▸ **EXERCISE DESCRIPTION**
Repeat every line from the line containing "O texto falou" to the end of the data, exactly. Leave the pictures out.

▸ **DATA IN THIS EXERCISE**
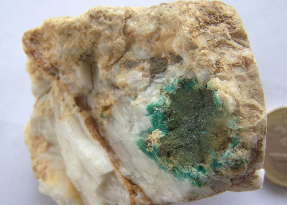 Merci, rives_3. Ni Aspeich, ni Cézy, que je connais bien ; je ne pense pas que, sur les affleurements de ces deux gîtes, on puisse trouver ce genre de chose ; de plus, la baryte et le zinc n'y sont pas signalés. Il s'agit de ce qui me semble un filon hydrothermal isolé dans les calcaires, vertical ; ces calcaires ont été bousculés par des intrusions magmatiques. Si je comprends bien la présence de la chalco, et donc de l'azurite et de la malachite, je ne comprends pas bien celle de la smithsonite car il n'y a aucune trace, en surface, de bl euh... de sphalérite ; la présence de la baryte est elle une indication qui justifierai de gratter plus profond ?
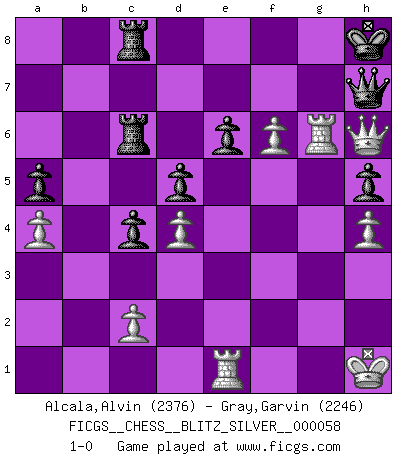 Last move : 1-0 2011 August 12 9:43:28 [Event "FICGS__CHESS__BLITZ_SILVER__000058"] [Site "FICGS"] [Date "2011.08.12"] [Round "1"] [White "Alcala,Alvin"] [Black "Gray,Garvin"] [Result "1-0"] [WhiteElo "2376"] [BlackElo "2246"] 1.e4 e6 2.d4 d5 3.Nc3 Bb4 4.e5 c5 5.a3 Bxc3+ 6.bxc3 Ne7 7.a4 Nbc6 8.Nf3 Qa5 9.Bd2 Bd7 10.Bb5 c4 11.O-O h6 12.Qb1 O-O 13.Nh4 Rab8 14.f4 a6 15.Bxc6 bxc6 16.Qa2 c5 17.Qa3 Rfc8 18.Be1 Qb6 19.Ra2 Qd8 20.dxc5 Qc7 21.Bf2 Rb7 22.Qc1 Rcb8 23.Bd4 Bc6 24.g4 Ng6 25.Ng2 Bd7 26.Qe1 Ne7 27.Ra1 a5 28.Qg3 Nc6 29.f5 Qd8 30.h4 Rb2 31.Ne3 R2b7 32.g5 h5 33.g6 fxg6 34.f6 Be8 35.Ng2 Bf7 36.Rae1 Kh8 37.Nf4 Qg8 38.Kh1 Rd7 39.Rg1 gxf6 40.exf6 Kh7 41.Nh3 Kh8 42.Ng5 Rc8 43.Qf4 Nxd4 44.cxd4 Rdc7 45.c6 Rxc6 46.Nxf7+ Qxf7 47.Qh6+ Qh7 48.Rxg6 1-0 French : Winawer, Advance, Smyslov variation Kingside Castling by player White (move 11) Kingside Castling by player Black (move 12) Player White won this chess game. Follow this game move after move (download)You can only get good at Chess if you love the game. (Bobby Fischer) Schach ist eine Sache der genauen Beurteilung, wann man zuschlagen und wann man sich ducken muss. (Robert James Fischer) Robert Fischer es la ley hacia si mismo. (Larry Evans) Aux échecs, l'amour-propre est satisfait quand on remporte la victoire, mais il n'y a pas de honte à être battu. (Benjamin Franklin) Wisdom doesn't necessarily come with age. Sometimes age just shows up all by itself. (Tom Wilson)
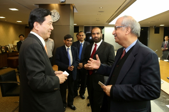 | ▲ 임영록 KB금융그룹 회장이 최근 서울 명동 본점에서 인도 마힌드라파이낸스의 바랏도시 회장을 접견했다./KB금융 제공 | ||
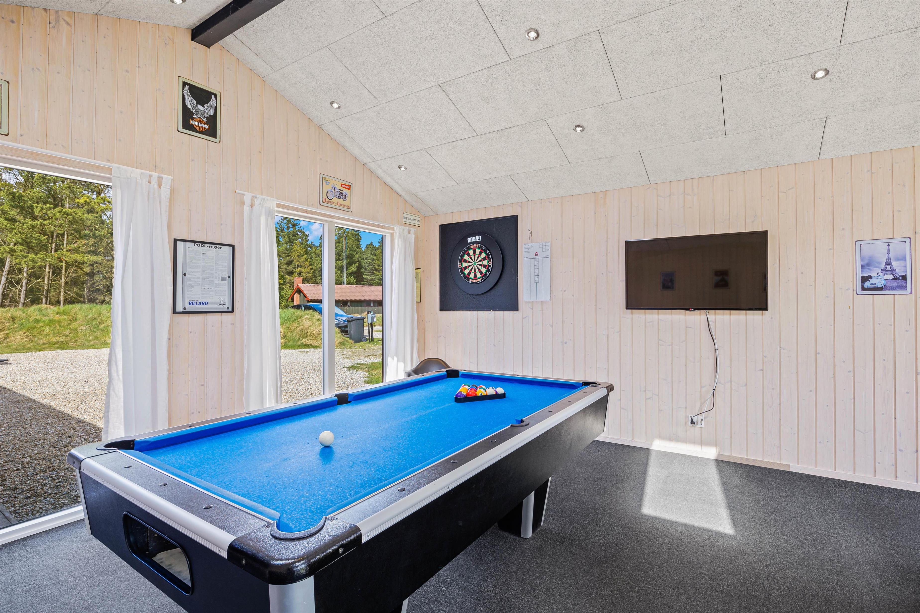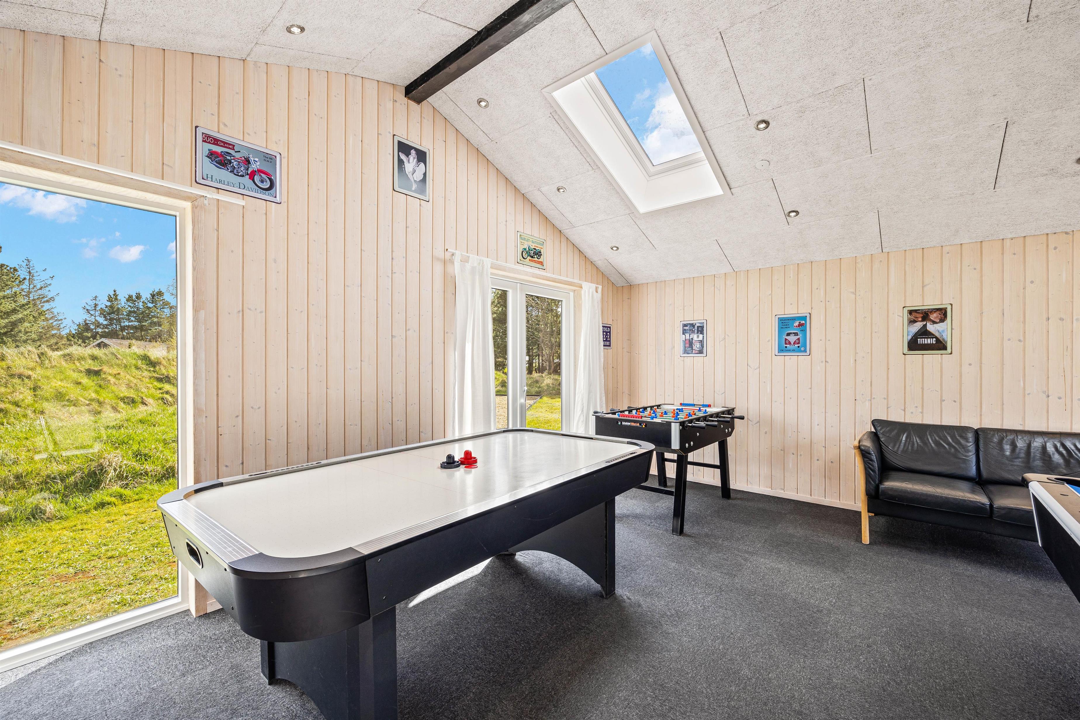 Et af sommerhusets samlingspunkter er det store aktivitetsrum, der byder på et bredt udvalg af sjove spil til hele familien. Her kan I både kaste jer ud i billard, air hockey, bordfodbold og dart. Hvad med at finde familiens spillemester i en sjov og spændende turnering?
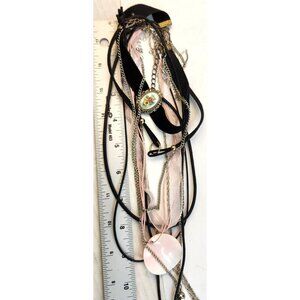 Layered Multistrand Necklace Set With Heart & Floral Pendant Choker to 18" Lengt
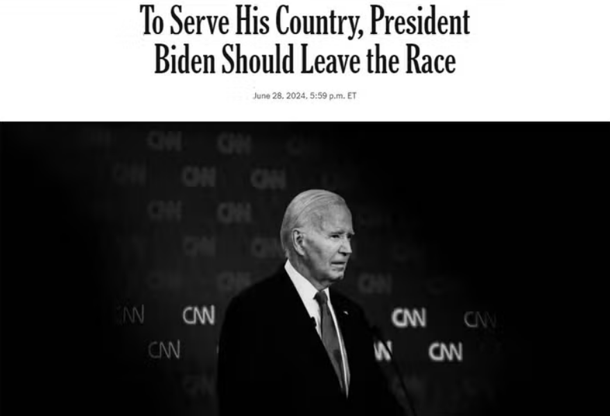 O texto falou das dificuldades de Biden no debate na noite anterior e destacou que a idade e fragilidade do presidente são preocupantes, defendendo a ideia de que ele deveria retirar sua candidatura à reeleição para permitir que um novo candidato democrata “mais capaz” concorra. “A verdade que Biden precisa confrontar agora é que ele falhou em seu próprio teste”, escreveu o jornal americano. “Esta é a melhor chance de proteger a alma da nação — a causa que levou Biden a concorrer à Presidência em 2019 — da nefasta distorção de Trump. E é o melhor serviço que Biden pode prestar a um país que ele serviu de forma nobre por tanto tempo”, conclui o Times.
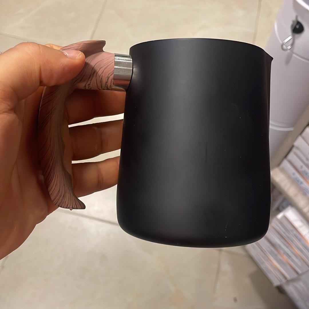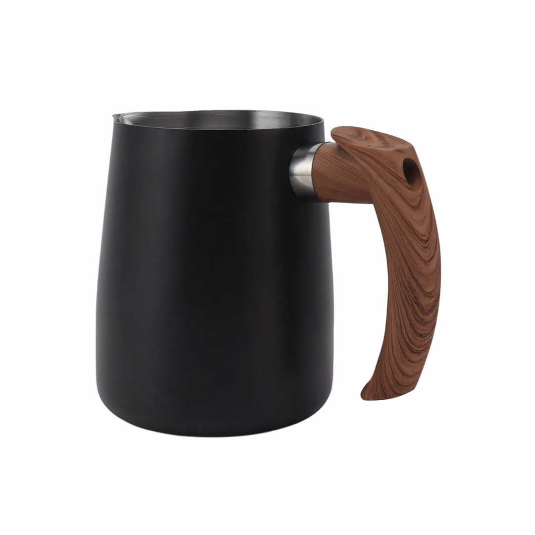 إبريق تبخير حليب من الستانلس ستيل بمقياس داخلي. مقبض أنيق بشكل خشبي وطلاء مطفي، مثالي للاتيه آرت والاستخدام في المقاهي.
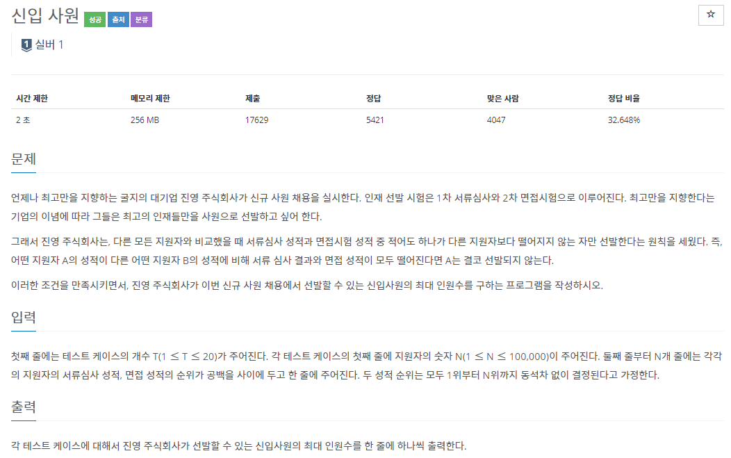 시간 제한 2초임에도 불구하고 테스트 케이스가 최대 20개, 각 지원자 수가 10만이기때문에 (곱하면 200만개의 입력을 받아야 된다는 것이다!)
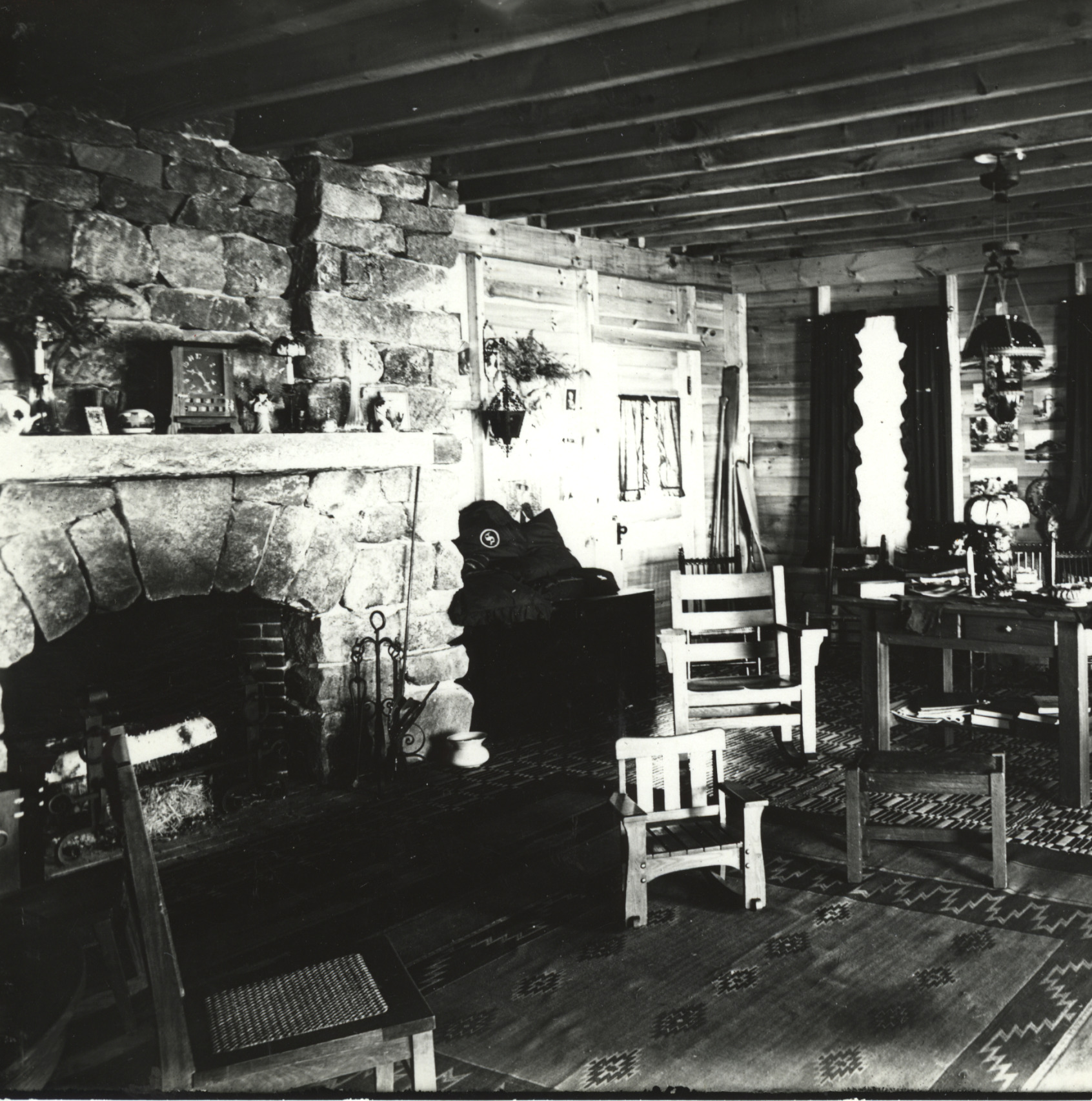 Interior of the Joseph W. Sanford cottage "Minnehaha" on the Townsend Shore of Lake Wentworth, off Pleasant Valley Rd. The stone fireplace was said to be one of the finest in NH. Lighting was by kerosene lamps and candles.

▸ **PROBLEM SOLUTION**
 O texto falou das dificuldades de Biden no debate na noite anterior e destacou que a idade e fragilidade do presidente são preocupantes, defendendo a ideia de que ele deveria retirar sua candidatura à reeleição para permitir que um novo candidato democrata “mais capaz” concorra. “A verdade que Biden precisa confrontar agora é que ele falhou em seu próprio teste”, escreveu o jornal americano. “Esta é a melhor chance de proteger a alma da nação — a causa que levou Biden a concorrer à Presidência em 2019 — da nefasta distorção de Trump. E é o melhor serviço que Biden pode prestar a um país que ele serviu de forma nobre por tanto tempo”, conclui o Times.
 إبريق تبخير حليب من الستانلس ستيل بمقياس داخلي. مقبض أنيق بشكل خشبي وطلاء مطفي، مثالي للاتيه آرت والاستخدام في المقاهي.
 시간 제한 2초임에도 불구하고 테스트 케이스가 최대 20개, 각 지원자 수가 10만이기때문에 (곱하면 200만개의 입력을 받아야 된다는 것이다!)
 Interior of the Joseph W. Sanford cottage "Minnehaha" on the Townsend Shore of Lake Wentworth, off Pleasant Valley Rd. The stone fireplace was said to be one of the finest in NH. Lighting was by kerosene lamps and candles.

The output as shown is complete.